Move to Learn (originally Learning on the Move)
To accommodate the schools’ emphasis on pre-academic and academic lessons, ‘Move to Learn’ integrated physical activity into preschool lessons, which previous studies have shown to be successful [17, 28]. Different preschools operate with different early learning standards; thus, teachers were encouraged to incorporate physical activity into their typical daily lessons. The initial goal was 20 min of activity-based lessons per day. However, interventionists and measurement staff observed teachers implementing low-intensity active lessons that were very short in duration. This component was not eliminated from the intervention, because it was highly valued by the teachers and added to their overall buy-in to the program.
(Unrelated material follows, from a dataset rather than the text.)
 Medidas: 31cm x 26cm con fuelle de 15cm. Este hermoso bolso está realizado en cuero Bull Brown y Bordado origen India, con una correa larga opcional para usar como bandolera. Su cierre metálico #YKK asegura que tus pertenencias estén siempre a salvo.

To make the goal more realistic and achievable, the time goal was modified after Year 1. Through Years 2 and 3, teachers were encouraged to conduct two 5-min active lessons per day for a total of 10 min. This included activities such as moving during story time, calendar time and other large group tasks.
Gross Motor Centers
In many preschools, a large percentage of the daily schedule involves center time, where students select individual or small group activities, such as playing with blocks, making arts and crafts, or participating in sociodramatic play. These activities typically involve sedentary or light activity. During Year 1, teachers were encouraged to create active movement centers that focused on gross motor skills, often set to a theme. For example, the March-themed Leprechaun center guided children to ‘crawl’ through a field of ‘shamrocks’, follow the rainbow (‘step’ on multicolored dome cones) and ‘throw’ ‘gold’ in the pot (practice object control by throwing beanbags to a target). After the first year, based on teachers’ feedback and observations, the interventionists determined that this component had lower reach and feasibility than those of the other components. Thus, this component was excluded from Years 2 and 3.
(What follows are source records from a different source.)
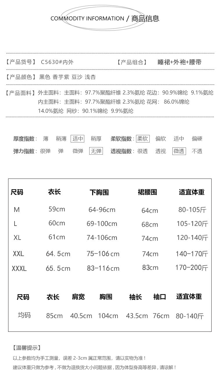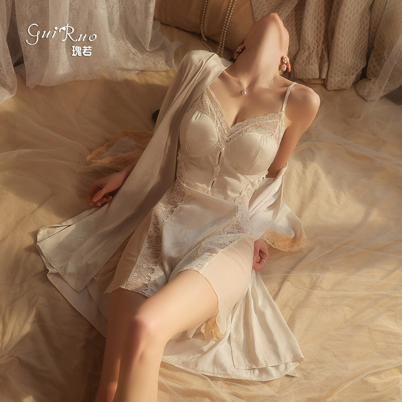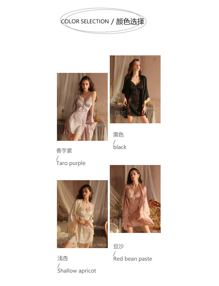 DZ Magnificent and fiery deep V Padded Bra Lingerie Pure Desire Backless Sexy Jacquard Nightdress Robe Home Set C5630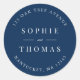 Editable Colour Wedding Return Address Modern Classic Round Sticker with text in white against an editable background colour; to change it from blue to a colour of your choice, click the customise button.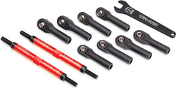 Červeno eloxované ojničky riadenia Traxxas 8638R s koncovkami. Dĺžka na stred ôk koncoviek je 144 mm, vyrobené z vysokopevnostnej hliníkovej zliatiny 7075-T6. Na zníženie hmotnosti je vnútorná časť spojovačiek dutá. Balenie obsahuje 2 kusy spojovačiek, 8 koncoviek s guľovými čapmi a kľúč.
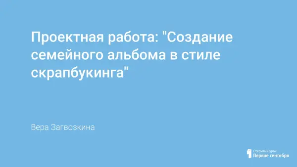 Цель работы: дать описание процесса создания фотоальбома в технике скрапбукинг. В теоретической части рассмотрена история возникновения, техники и стили скрапбукинга. Практическая часть посвящена возможным вариантам создания альбомов, их оценка, также технология изготовления фотоальбома в технике скрапбукинг. Богатый выбор материалов и разнообразие техник позволяет воплощать в жизнь самые необычные творческие фантазии, при этом создавая уникальную семейную летопись, которая сохранит память о сегодняшнем дне во многих поколениях.

Reducing television watching at home
A four-lesson unit on reducing television (TV) viewing was adapted from previous research [29] and delivered to each classroom once per year for all 3 years of the intervention. Interventionists provided teachers with lesson descriptions and materials in early spring to coincide with National TV Turnoff Week (currently Screen-Free Week). Teachers chose how to implement the lessons, either once per week for 4 weeks or 4 days during 1 week. This component was a single time point activity and had limited impact on preschoolers’ classroom physical activity. After Year 1, intervention efforts were reduced for this component, but the interventionists continued to supply materials based on teachers’ requests.
Social environment
Interventionists focused on promoting both teachers’ participation in physical activities and their verbal encouragement for preschoolers to be active. Interventionists first encouraged teachers to be physically active with the children, as studies have shown that modeling is important for children’s physical activity [16]. Initial teacher feedback and process evaluation data showed that many teachers were unlikely to participate actively with the children, though this improved throughout the intervention. Thus, interventionists also encouraged teachers to provide positive, specific verbal encouragement of children’s physical activity. This verbal encouragement included recognizing healthy physical activity behaviors (e.g. ‘you’re building strong muscles’, ‘feel your heart beat, that’s a healthy heart’), promoting additional active movements, and not discouraging safe, appropriate physical activity.
Physical environment
Because portable play equipment and materials have been shown to increase physical activity levels among preschoolers [30–32], intervention staff supplied the participating classrooms with a variety of physical activity equipment and materials. Teachers received initial resource kits and additional supplies throughout the 3 years. They also selected classroom-specific equipment as part of the self-assessment process during Year 3. Examples of materials the teachers selected included stethoscopes for listening to increased heart rates during physical activity, physical activity-centered games and sack race bags.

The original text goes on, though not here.